Neurosci Lett. 1988 Aug 1;90(3):273-8. doi: 10.1016/0304-3940(88)90201-7.
The effects of brief anoxic episodes on rat CA3 hippocampal neurons were studied with intracellular and extracellular techniques in the in vitro slice preparation. After repeated (3-7 times), brief (2-6 min duration each) applications of artificial cerebrospinal fluid (ACSF) saturated with 95% N2 and 5% CO2, electrical stimulation of various inputs to CA3 neurons, evoked an excitatory postsynaptic potential (EPSP) followed by an all-or-none burst. This response which persisted for several hours after the last anoxic episode, is reminiscent of the bursts induced by various convulsive agents. Post anoxic bursts are generated by a polysynaptic network which converge on the apical distal segment of CA3 neurons. It is concluded that a repetitive impairement of metabolism produces long lasting changes in the synaptic properties of CA3 neurons.

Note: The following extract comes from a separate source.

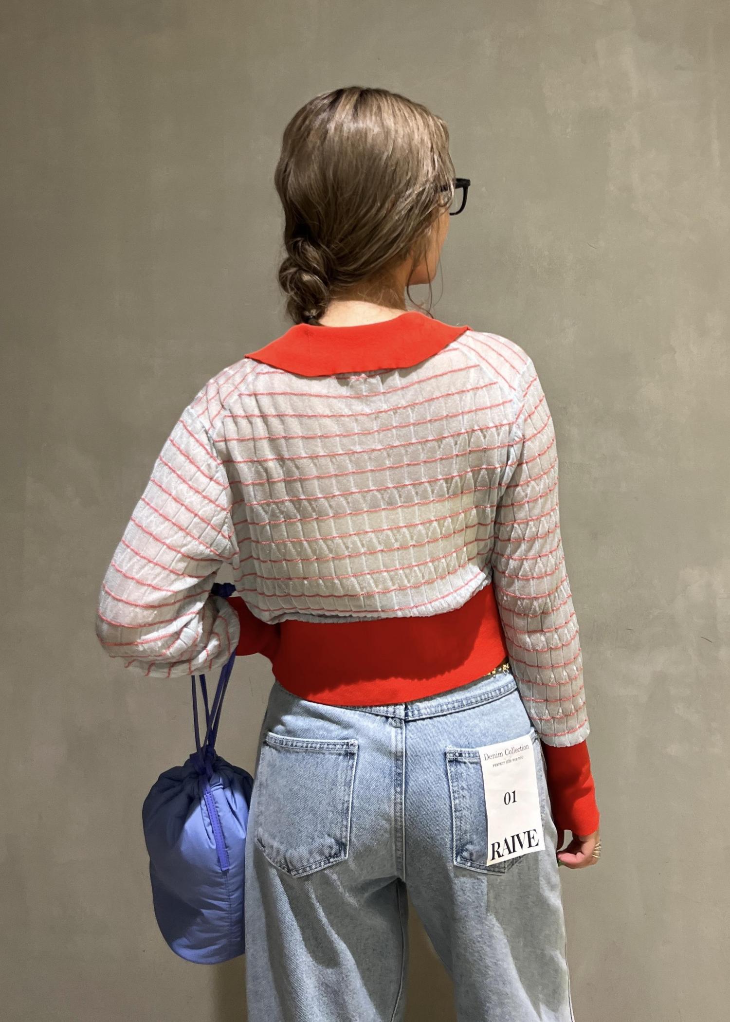 パキッとした原色のお色味に淡い色のデニムがピッタリです!

采用细胞内和细胞外技术,在体外脑片标本中研究了短暂缺氧发作对大鼠海马CA3区神经元的影响。在重复(3 - 7次)应用含95% N2和5% CO2饱和的人工脑脊液(ACSF),每次持续短暂时间(2 - 6分钟)后,对CA3神经元的各种输入进行电刺激,诱发兴奋性突触后电位(EPSP),随后出现全或无爆发。这种反应在最后一次缺氧发作后持续数小时,类似于各种惊厥剂诱发的爆发。缺氧后爆发由汇聚在CA3神经元顶端远端节段的多突触网络产生。结论是,代谢的反复受损会导致CA3神经元突触特性发生长期变化。